* [To do]: Give the listing again word for word. Skip the pictures.

* [Given data]:
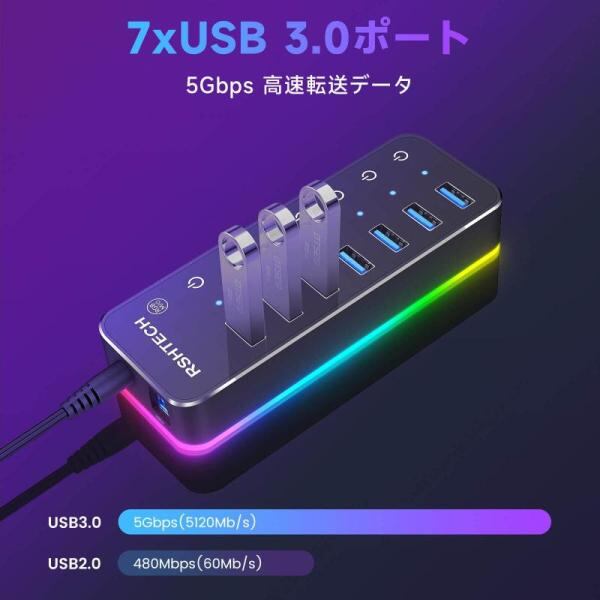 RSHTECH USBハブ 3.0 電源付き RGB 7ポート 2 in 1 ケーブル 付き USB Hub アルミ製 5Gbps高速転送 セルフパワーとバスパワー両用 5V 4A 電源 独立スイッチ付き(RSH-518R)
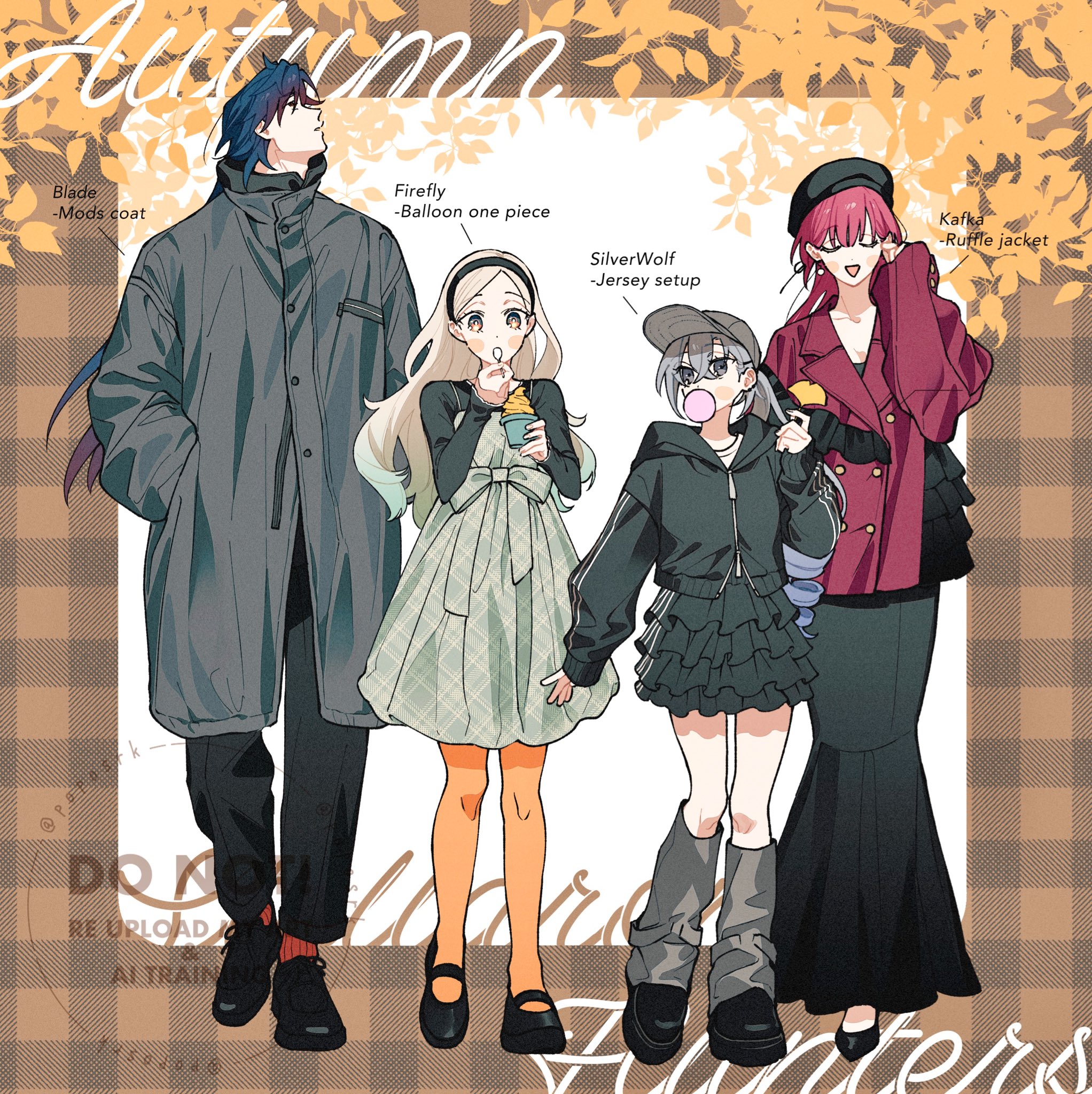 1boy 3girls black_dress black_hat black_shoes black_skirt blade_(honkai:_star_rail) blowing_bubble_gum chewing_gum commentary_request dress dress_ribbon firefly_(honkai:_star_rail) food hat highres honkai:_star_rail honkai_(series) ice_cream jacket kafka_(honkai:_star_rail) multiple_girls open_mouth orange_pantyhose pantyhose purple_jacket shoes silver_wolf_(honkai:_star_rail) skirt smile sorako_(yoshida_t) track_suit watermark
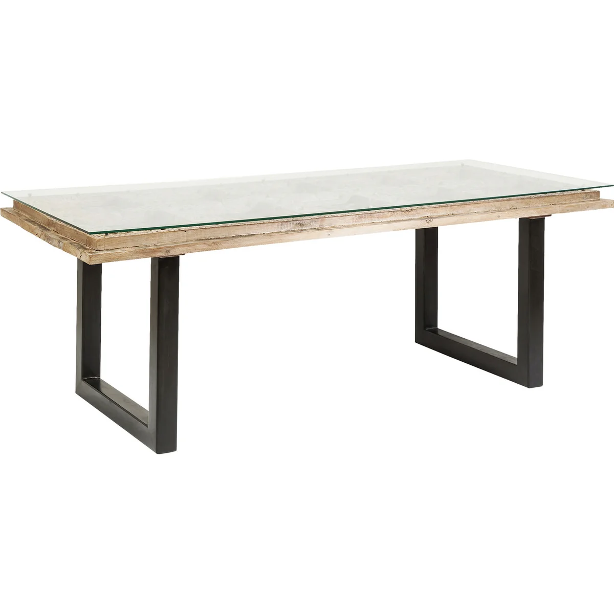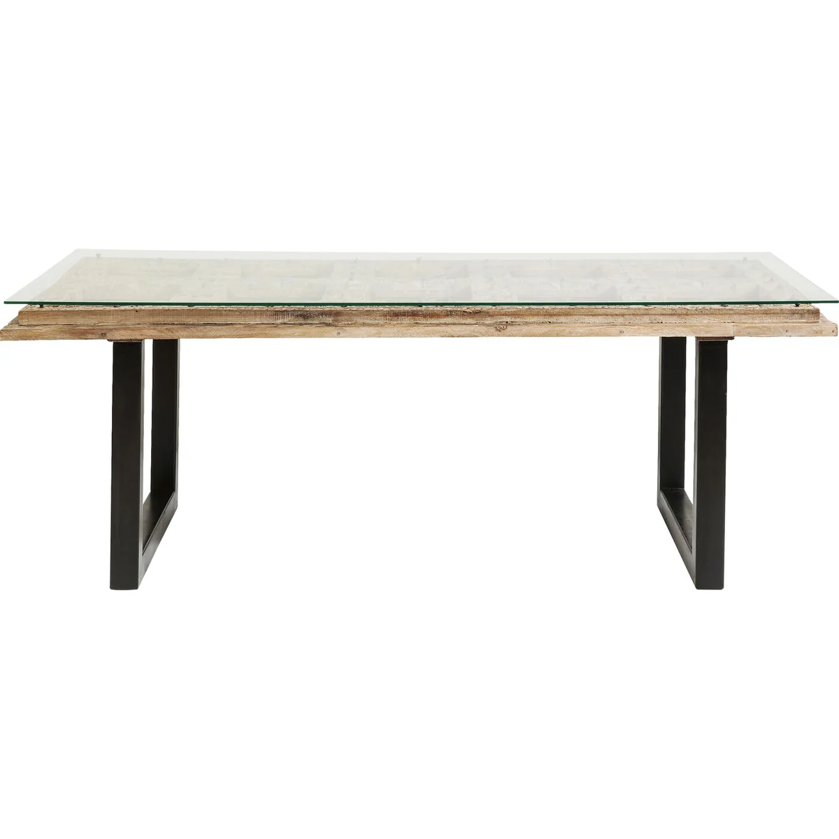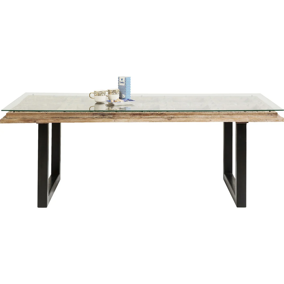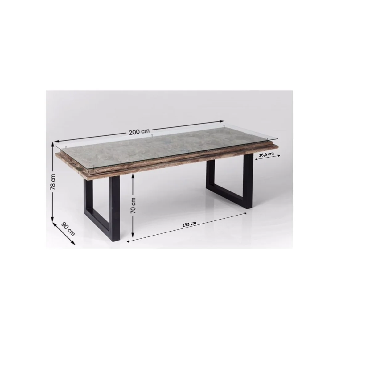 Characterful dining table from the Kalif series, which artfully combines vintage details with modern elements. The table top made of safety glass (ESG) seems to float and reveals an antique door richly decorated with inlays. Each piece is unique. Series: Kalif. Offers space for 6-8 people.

* [Exercise solution]:
 RSHTECH USBハブ 3.0 電源付き RGB 7ポート 2 in 1 ケーブル 付き USB Hub アルミ製 5Gbps高速転送 セルフパワーとバスパワー両用 5V 4A 電源 独立スイッチ付き(RSH-518R)
 1boy 3girls black_dress black_hat black_shoes black_skirt blade_(honkai:_star_rail) blowing_bubble_gum chewing_gum commentary_request dress dress_ribbon firefly_(honkai:_star_rail) food hat highres honkai:_star_rail honkai_(series) ice_cream jacket kafka_(honkai:_star_rail) multiple_girls open_mouth orange_pantyhose pantyhose purple_jacket shoes silver_wolf_(honkai:_star_rail) skirt smile sorako_(yoshida_t) track_suit watermark
 Characterful dining table from the Kalif series, which artfully combines vintage details with modern elements. The table top made of safety glass (ESG) seems to float and reveals an antique door richly decorated with inlays. Each piece is unique. Series: Kalif. Offers space for 6-8 people.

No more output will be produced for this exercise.